The mobile phone has become even more important to people’s everyday lives during the covid-19 pandemic. It’s a trend that hasn’t gone unnoticed by cybercriminals, which explains why they’ve flooded people’s phones with social engineering attacks.

This has brought an increased awareness of cybersecurity to ordinary people. But at the same time we’re not about to pack our phones away under our beds and go back to how life was before. Instead, we’ll simply expect the businesses that develop the apps we rely on to secure that app thoroughly.

In the near future a commitment to security is likely to be a key metric for consumers alongside value for money and trust.

Truly caring about security is a cultural thing. Forward-thinking businesses are now starting to realize the benefits that come from embracing security by design principles. From thinking about security first and functionality second.

But we’re not there yet.

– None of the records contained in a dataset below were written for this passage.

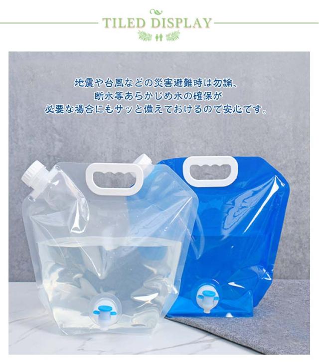 | 【3個セット】【蛇口付き】【5L 10L】【折り畳み】 地震や台風などの災害避難時は勿論、断水等あらかじめ水の確保が必要な場合にもサッと備えておけるので安心です。 その他、キャンプやバーベキュー、ピクニック、海水浴など水道の無いアウトドアシーンでも大活躍します。 安全性無毒で環境に優しい、長持ちで耐用性があります。 キャップも付くので、水がこぼれず安心。また、水を入れるとしっかりと自立するため使い勝手も抜群です。 持ち運びに便利なハンドル付きなので外出でもご利用いただけます。 ポータブルで折り畳み式ウォーターバッグ。 バーべキュー、キャンプ、防災、アウトドアに最適! | |
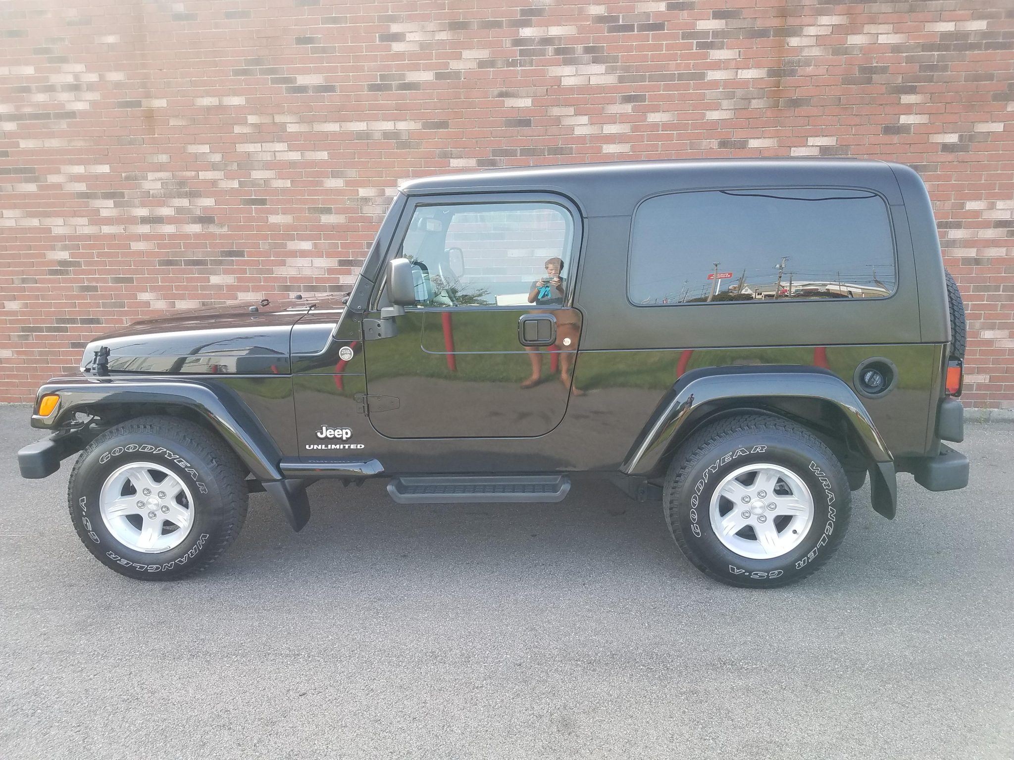 Factory 15″ aluminum wheels wear 30×9.5″ Goodyear Wrangler GS-A tires. A matching spare is mounted to the swing-out carrier at the rear.
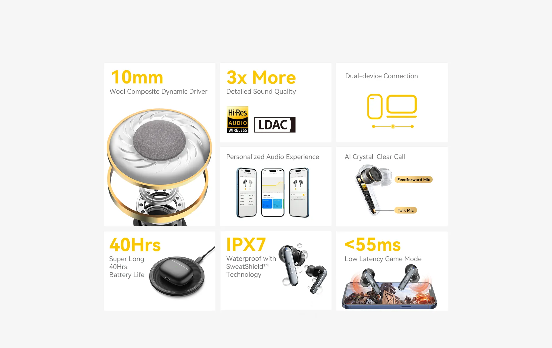 • Immersive Hi-Res Sound with 10mm Wool Composite Dynamic Drivers
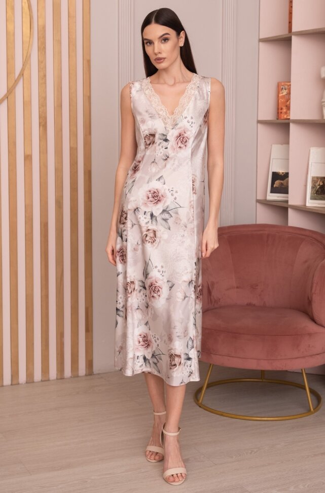 Длинная сорочка Mia-Amore с V-образным вырезом, выполнена из принтованного смесового шелка. Вырез сорочки декорирован ажурным кружевом.
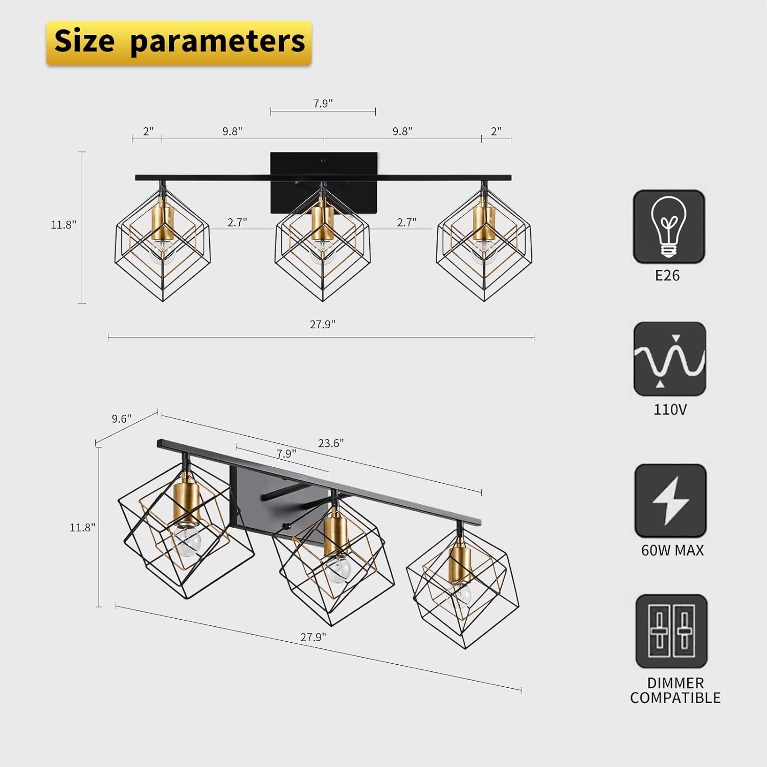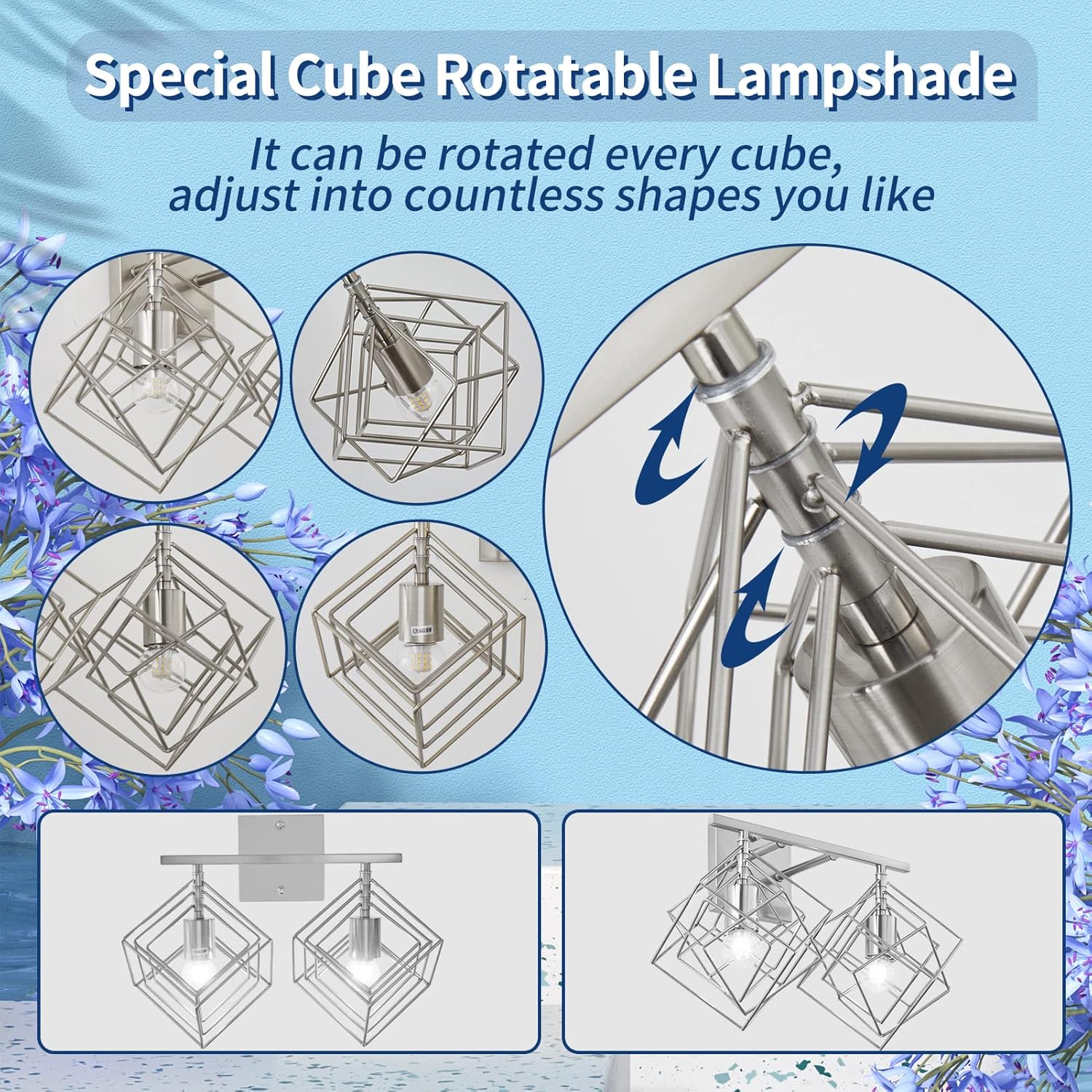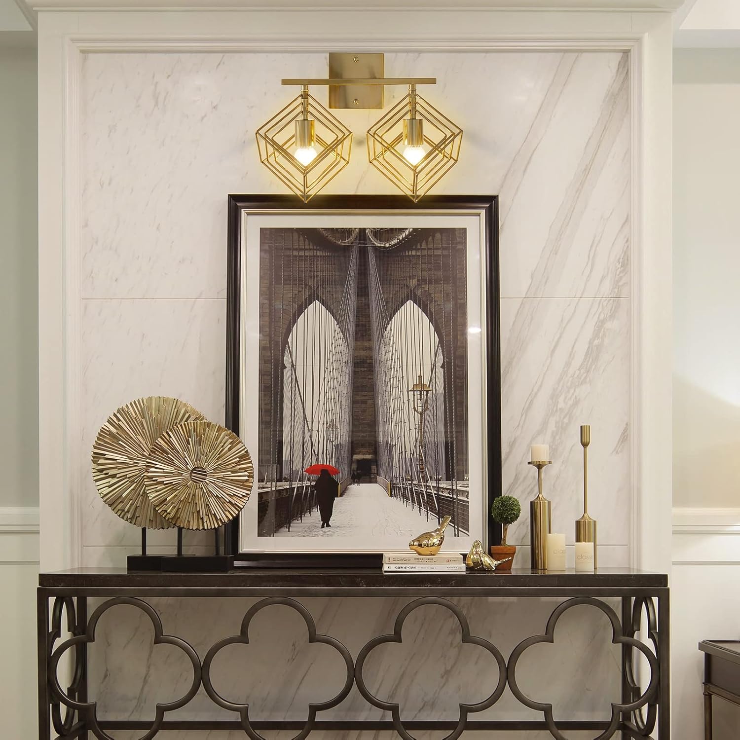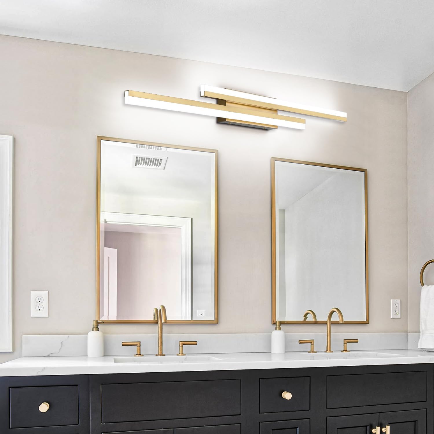 Bathroom Vanity Light with 3 Bulbs Bathroom Light Fixtures Over Mirror with 3 Rotatable Cube Shades Modern Wall Mounted Brushed Brass Gold
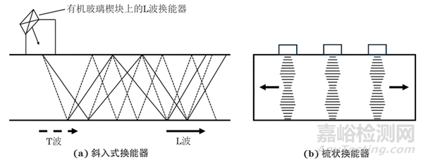 斜入式換能器通過有機(jī)玻璃楔塊來激勵(lì)導(dǎo)波,其中楔塊使得L波以一定角度入射到板結(jié)構(gòu)中。梳狀換能器由一系列排列成梳齒狀的壓電元件組成,能夠產(chǎn)生相位同步的導(dǎo)波。

If the majority of developers don’t take security seriously enough, then perhaps we shouldn’t expect Apple and Google to do so, either.

Making app store processes more secure

Our goal with this article isn’t to lambast businesses like Google, Apple, and Amazon. Far from it. Instead, it’s to start an open conversation about whether we’re collectively taking mobile security seriously enough. To ponder ways we might be able to work together to make sure bad actors don’t gain even more ground.

So, with that in mind, what do we see as the ideal approach to security for app stores?

At Licel we often speak with our clients about creating a chain of trust. That means across all steps in app development and distribution. From the developer, to the app store, to the end user.

What does that mean in practice?

Well, to start with there should be full PKI infrastructure in place to be able to verify the certificate is genuine and that it hasn’t expired. Much as you can verify the full chain with SSL pinning. This should be the base for any kind of signing. If you can’t verify the original certificate or the full chain, you can’t trust it.

Ideally, a developer should also be able to verify app integrity at each stage of distribution with her public key certificate. So, after the app store processes the application, once it’s downloaded to the device, and later when it’s running on the device.

To really build trust, companies like Google or Apple need to note any modifications they make to files and classes. And developers should be able to verify these with the app store public key. Code Transparency is a good start, but the fact that it isn’t a mandatory measure right now means some developers won’t be aware of it.

Finally, to combat the threat of tampering and reverse engineering, we recommend that the app be uploaded in an encrypted format.